Некоторые авторы утверждают, что папа Климент VII был отравлен испарениями мышьяка, запрятанного в факел; Генрих VII и кардинал де Беруль погибли от яда, спрятанного в просфорах. Неаполитанский царь Конрад и, вероятно, Людовик XIII пали жертвой отравленной клизмы. Яд попадал в организм с помощью хирургических пластырей, а порой и половым путем. Так, египетские фараоны, чтобы избавиться от врагов, посылали им девушек, добровольно соглашавшихся принять перед этим большое количество яда. Известно также, что польский король Владислав был «…отравлен через собственный половой орган ядом, заранее помещенным во влагалище его любовницы».
Особенно часто к ядам прибегали женщины. Еще в Древнем Риме неверная жена, тщась скрыть от мужа свои похождения, нередко сознавала, что проще избавиться от рогатого супруга, чем от дурной славы. Случалось, гибли и прелюбодеи. Так, римский историк Тит Ливий сообщает, что в 328 году до н. э. консулы Валерий Флакк и Клавдий Марцелл, а также еще многие видные римляне внезапно были похищены смертью. Сперва их посчитали жертвами морового поветрия. Но потом одна из рабынь выдала эдилу Фабию Максиму (эдил следил за порядком в Риме), что всех этих достойных мужей свел под землю яд. Его подмешивали им в напитки знатные дамы. После этого и впрямь некоторые матроны были пойманы с поличным, когда варили смертоносный напиток. Еще у двадцати были найдены изрядные количества подозрительных веществ. На словах они клялись, что приготавливали лишь снадобья. Тогда провели испытание. Оно закончилось ужасно. Каждой из римлянок надлежало попробовать того отвара, что она приготовила. Отведав его, отравительницы умерли.

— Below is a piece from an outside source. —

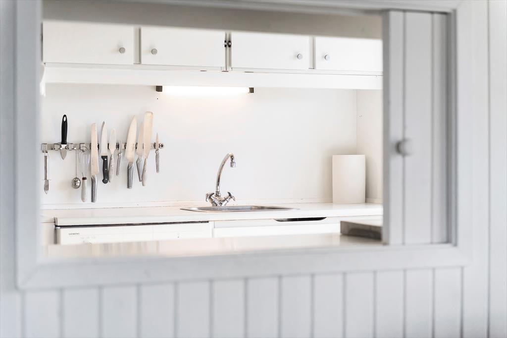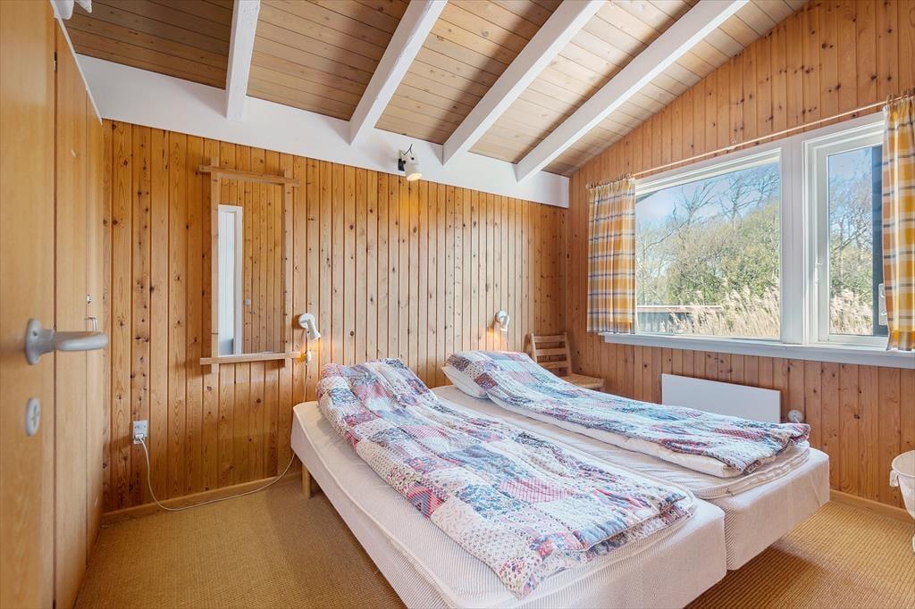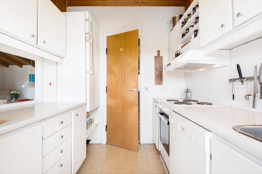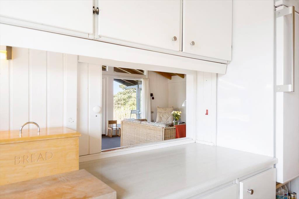 Sommerhuset emmer af ro og hygge, og lige fra du træder ind gennem hoveddøren, kan du mærke feriefreden sænke sig. Stuen har et rustikt look med markante bjælkekonstruktioner i loftet, og både pejsen og det komfortable møblement indbyder til, at du og dine kære tager dagene på helt tilbagelænet vis – for eksempel med varm kaffe i kopperne, gode bøger eller en spændende film på fladskærmen og Chromecast til streamning. Det tilstødende køkken er veludstyret, og som en charmerende detalje er der en lille luge ind til stuen, som du kan servere maden igennem. Soveværelser er der tre af, og planløsningen byder også på et brusebadeværelse, så i alt kan I være seks personer.

Особой славой среди отравительниц Древнего Рима пользовалась некая Локуста, жившая в I веке нашей эры. За свои злодеяния она была осуждена. Но в 54 году н. э. ее мастерство понадобилось искателям власти. Сначала ее услугами воспользовалась Агриппина, мать Нерона, чтобы убить супруга — императора Клавдия. Через год к умению Локусты прибег сам Нерон: с ее помощью он отравил Британика— сына императора Клавдия и своего сводного брата. Лакуста в благодарность получила несколько имений и организовала школу отравительниц.
В XVII веке такой же славой пользовалась маркиза Бринвильер. Ее любовник Сен-Круа, проведя некоторое время в Бастилии, перенял у одного итальянца искусство приготовления ядов. Выйдя из тюрьмы, он обучил этому мастерству и маркизу. Чтобы отточить умение подмешивать яд в пищу, Бринвильер стала служить сестрой милосердия. Она потчевала больных отравленными бисквитами и хлебцами и сгубила немало своих пациентов. Долгое время никто не обращал внимания на частую кончину больных, накормленных заботливой хозяйкой. Она же, расширяя практику, нередко травила и своих служанок, угощая их отравленными фруктами и мясом, а затем наблюдала, как жертва умирает.

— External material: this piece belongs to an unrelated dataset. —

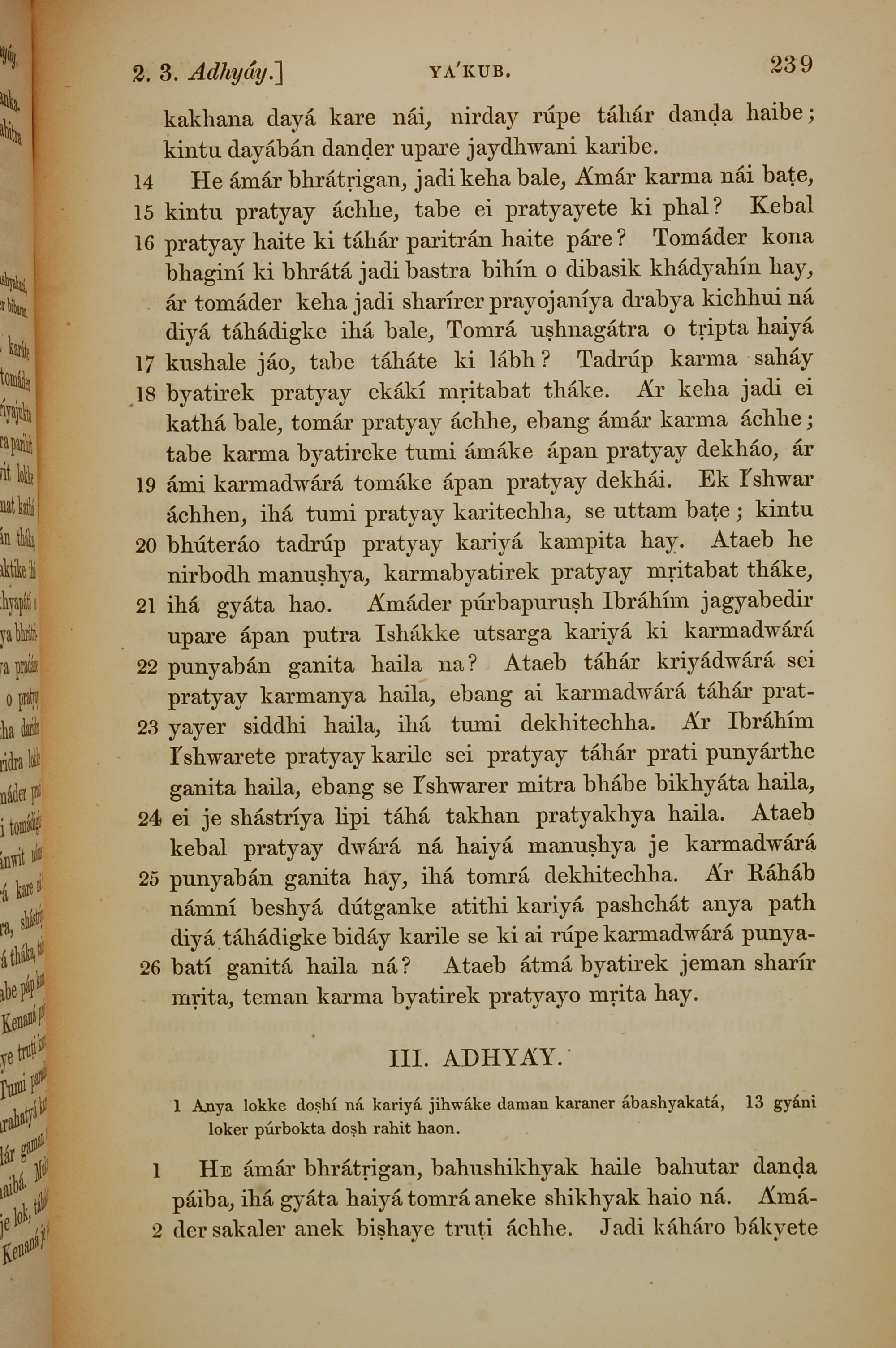 1839年孟加拉語新約全書 雅各書 2 章 14 節到 3 章 2 節

В 1666–1670 годах, добиваясь наследства, она последовательно извела мышьяком отца, обоих братьев и своих сестер.
Выдала преступницу внезапная смерть Сен-Круа. Среди вещей ее любовника нашли шкатулку, в которой находились склянки с ядами, а также письма маркизы, в которых она описывала некоторые из своих отравлений.
Казнили маркизу 16 июля 1676 года.
Впрочем, и после смерти маркизы количество отравлений во Франции не уменьшилось. Была учреждена даже особая судебная палата, которая занималась исключительно отравлениями.

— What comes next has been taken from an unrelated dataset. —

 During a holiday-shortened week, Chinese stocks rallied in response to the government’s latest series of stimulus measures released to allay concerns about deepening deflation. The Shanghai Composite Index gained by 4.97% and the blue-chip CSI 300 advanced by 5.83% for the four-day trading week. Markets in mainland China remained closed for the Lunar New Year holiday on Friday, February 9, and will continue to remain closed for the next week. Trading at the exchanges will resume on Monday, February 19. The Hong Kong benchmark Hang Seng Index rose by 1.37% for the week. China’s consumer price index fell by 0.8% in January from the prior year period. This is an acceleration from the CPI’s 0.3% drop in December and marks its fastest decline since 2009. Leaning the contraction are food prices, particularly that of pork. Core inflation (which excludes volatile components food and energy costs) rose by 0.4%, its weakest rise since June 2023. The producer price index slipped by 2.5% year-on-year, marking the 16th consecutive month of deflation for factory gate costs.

Вплоть до XVII века в Европе действовала целая каста профессиональных отравителей и отравительниц. Они предлагали свои услуги дворянам, священникам и богатым бюргерам, а также монархам.
Серийных отравителей изобличают и в последующие столетия. Так, в 1869–85 годах некая фрау Линден, вооружившись ядом, отправила к праотцам 23 человека. Еще в пятидесяти случаях она не соблюла необходимую дозу, и отравленные ею люди сумели выжить.
Две вдовы
Этот случай произошел в 1829 году в Венгрии. Студент-медик из Будапешта, гуляя вдоль берега реки Тиссы недалеко от деревни Нагрев, обнаружил труп мужчины, прибитый водой к берегу.
Полиция сразу же начала расследование в близлежащих деревнях Нагрев и Тисакурт. Вскоре ей стали известны слухи о гораздо большем числе загадочных смертей. Из-за этих разговоров были эксгумированы тела двух мужчин — Йозефа Нарараса и Михаэля Сабо. Оказалось, что оба скончались от отравления мышьяком. Во время их болезни, приведшей к смертельному исходу, за этими людьми ухаживали две местные знахарки — Сюзанна Олах, известная как «белая колдунья» Нагрева, и фрау Фазекаш. Обе были вдовами.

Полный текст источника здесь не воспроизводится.